Let’s say we want to learn more about how principal component analysis (PCA) works. Specifically, what matters more in terms of creating a principal component—variance or covariance of variables? To this end, you might create a dataframe with a few variables with high covariance and low variance and another set of variables with low covariance and high variance
set.seed(925)
df1 <-
sim_covar(n_obs = 20, n_vars = 5, cov = 0.9, var = 1, name = "high_cov") %>%
sim_covar(n_vars = 5, cov = 0.1, var = 2, name = "high_var")
Explore covariance structure visually. The diagonal is variance.

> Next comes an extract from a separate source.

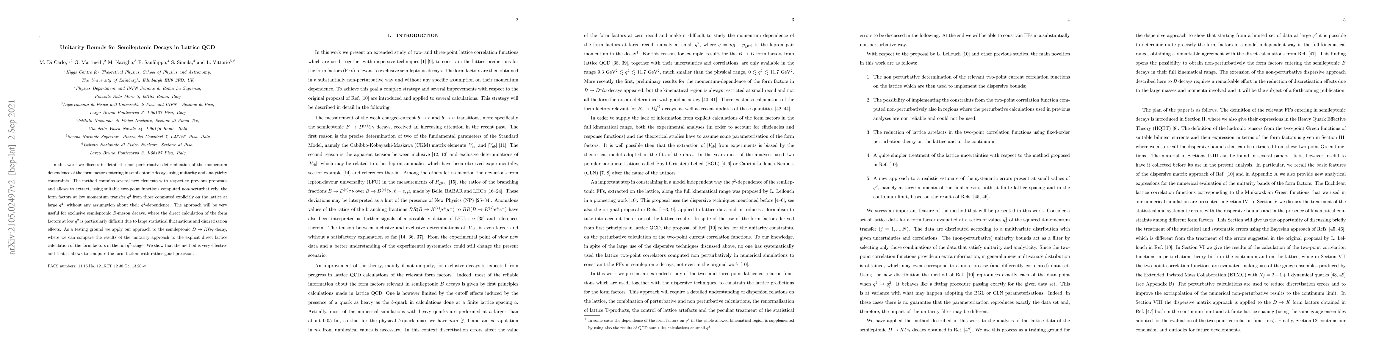 This paper presents a novel non-perturbative method for determining the momentum dependence of form factors in semileptonic decays using unitarity and analyticity constraints, enabling the extraction of form factors at low momentum transfer without assumptions about their $q^2$-dependence. The method is tested on the $D \to K \ell \nu_\ell$ decay, showing good precision and effectiveness.

Now let’s make this dataset a little more complex. We can add a factor variable, some variables that discriminate between the levels of that factor, and add some missing values.
set.seed(501)
df2 <-
df1 %>%
sim_cat(n_groups = 3, name = "factor") %>%
group_by(factor) %>%
sim_discr(n_vars = 5, var = 1, cov = 0, group_means = c(-1.3, 0, 1.3), name = "discr") %>%
sim_discr(n_vars = 5, var = 1, cov = 0, group_means = c(0, 0.5, 1), name = "discr2") %>%
sim_missing(prop = 0.1) %>%
ungroup()
df2
#> # A tibble: 20 x 21
#> factor high_cov_1 high_cov_2 high_cov_3 high_cov_4 high_cov_5 high_var_1
#> <chr> <dbl> <dbl> <dbl> <dbl> <dbl> <dbl>
#> 1 a 0.472 -0.362 0.253 0.281 0.247 -1.54
#> 2 a -1.50 -1.65 NA -1.93 -1.27 1.00
#> 3 a 1.13 0.655 0.980 1.41 0.345 -1.90
#> 4 a 0.982 0.740 1.16 1.14 0.866 1.71
#> 5 a -0.773 NA -1.22 -1.21 -1.25 -0.576
#> 6 a 0.302 0.130 -0.309 0.0725 NA NA
#> 7 a -0.117 0.00163 0.0596 -0.542 -0.269 2.87
#> 8 b 2.16 2.47 NA 1.62 NA 0.146
#> 9 b -0.268 -0.509 -0.529 -0.842 -1.04 NA
#> 10 b 0.609 0.195 0.720 0.930 0.595 0.0765
#> 11 b 1.81 NA 1.43 1.09 1.39 -0.927
#> 12 b 0.954 0.234 0.247 0.248 0.751 2.77
#> 13 b -1.03 -1.24 -1.70 NA -1.64 1.34
#> 14 b -0.180 0.380 0.177 0.433 0.550 1.20
#> 15 c -0.214 -0.390 -0.476 -0.878 -0.328 3.18
#> 16 c 0.827 0.556 0.620 0.491 NA 1.91
#> 17 c -0.399 -0.862 -0.385 -0.935 -0.802 -0.787
#> 18 c -1.09 -1.32 -0.720 NA -1.76 -1.76
#> 19 c -0.181 -0.155 -0.774 0.0395 -0.770 0.741
#> 20 c 0.882 NA 0.758 1.24 0.838 0.182
#> # … with 14 more variables: high_var_2 <dbl>, high_var_3 <dbl>,
#> # high_var_4 <dbl>, high_var_5 <dbl>, discr_1 <dbl>, discr_2 <dbl>,
#> # discr_3 <dbl>, discr_4 <dbl>, discr_5 <dbl>, discr2_1 <dbl>,
#> # discr2_2 <dbl>, discr2_3 <dbl>, discr2_4 <dbl>, discr2_5 <dbl>
pca <- opls(select(df2, -factor), fig.pdfC = "none", info.txtC = "none")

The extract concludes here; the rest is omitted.